Terrorist Khalid El-Bakraoui blew himself up at Maalbeek metro station which happens to be near the EU headquarters at at 07:11 GMT on March 22. An hour earlier, two other Islamic State suicide attackers struck Zaventem airport departure lounge in attacks claimed by Islamic State. The metro and airport bombs killed a total of 32 people and wounded 300 in the worst ever terror attack in Europe.
The attacks in Brussels, home to the European Union and NATO headquarters, came four months after 130 people were killed in similar attacks in Paris. The attacks on the two cities appear to be linked.
Since March 22, Maelbeek station had remained shut while operating hours in other stations were reduced owing to lack of security staff.
On reopening day April 25, 2016, Monday, passengers streamed into the station and appeared to be tense and emotional. The scene remained calm, with commuters expressing patience over the month-long closure, despite criticism of Belgium’s handling of the attacks.
“It is rather difficult to come here again,” said one commuter. “We are still thinking about the people who died here and I think it will take a long time before we are back to normal life here.”
Armed guards and sniffer dogs stood outside the station and on the platforms. Security from Brussels’ transport network also patrolled the trains in a bid to reassure the passengers. Families of the victims were allowed special access to the station on Saturday to mourn the dead, before the official reopening to commuters. It was the first opportunity they had to visit the place where their loved ones died.
The attacks had destroyed one of eight tiled portraits on the station’s walls. In its place, a temporary white board remembrance wall was erected where people could write messages and scribble notes in memory of the victims. This large white board was full of messages, and peace symbols posted by survivors and the families of victims.
The messages expressing the poignancy of their feelings were in a multitude of languages, French, Flemish, English, Arabic, Dutch and Spanish and offered an insight into the suffering caused by the bombings, and the lives lost.
“Let’s cherish the life that surrounds us,” said a note signed Patricia.
One message in French tells of a daughter. “I love my little Sabrina. I miss you. Go in Peace. Mom.”
Another pays tribute to the mother of a Polish family. “Dearest Mother, you will always stay in our hearts. Your loving children, father and the whole family.”
The exterior of the station was also turned into a makeshift memorial as people placed dozens of bouquets outside the entrance.

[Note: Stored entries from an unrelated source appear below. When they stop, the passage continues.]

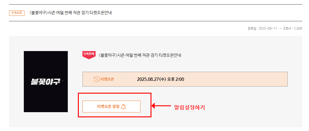 직관을 원한다면 8월 27일 티켓팅은 무조건 참여해야 합니다.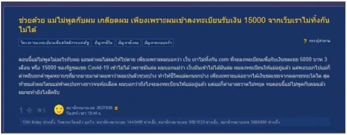 เกี่ยวกับเรื่องนี้ ล่าสุด สำหรับเรื่องราวที่ชาวโซเชียล เข้ามาแสดงความเห็นกันเป็นจำนวนมาก หลัง จากกระทู้ pantip com ตั้งโดย สมาชิกหมายเลข 2627939 ระบุว่าข้อความว่า ช่วยด้วย แม่ไม่พูดกับผม เกลียดผม เพียงเพราะผมเข้าลงทะเบียนรับเงิน 15000 จากเว็บเราไม่ทิ้งกันไม่ได้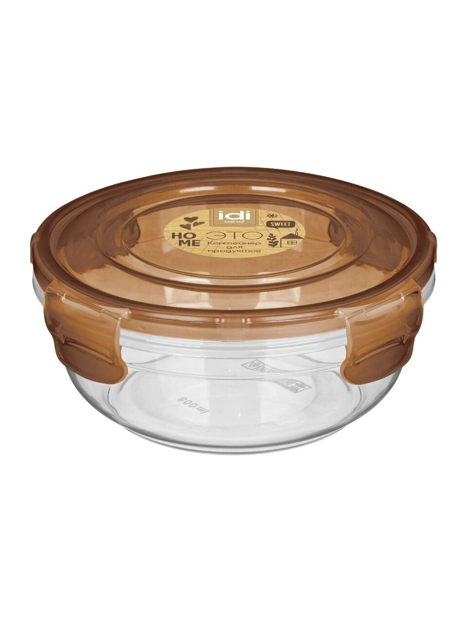 Контейнер круглый, объём 0.8 литра, материал — прочный пластик, цвет — коричневый. Отлично помещается в стандартных холодильниках и сумках для обедов.

The reopening of the Maelbeek station is a symbolic moment of healing for the city’s 1.1 million residents who are still reeling from the carnage of the attacks. It signals a return to normalcy after the shock of the devastation.
The EU has been functioning normally and the countries football matches, cycling tours and beer festivals are all carrying on. Brussels airport, though started operations three weeks ago, is set to resume full operations by June.
Things are back to normal perhaps, except for the sight of armed troops on the street.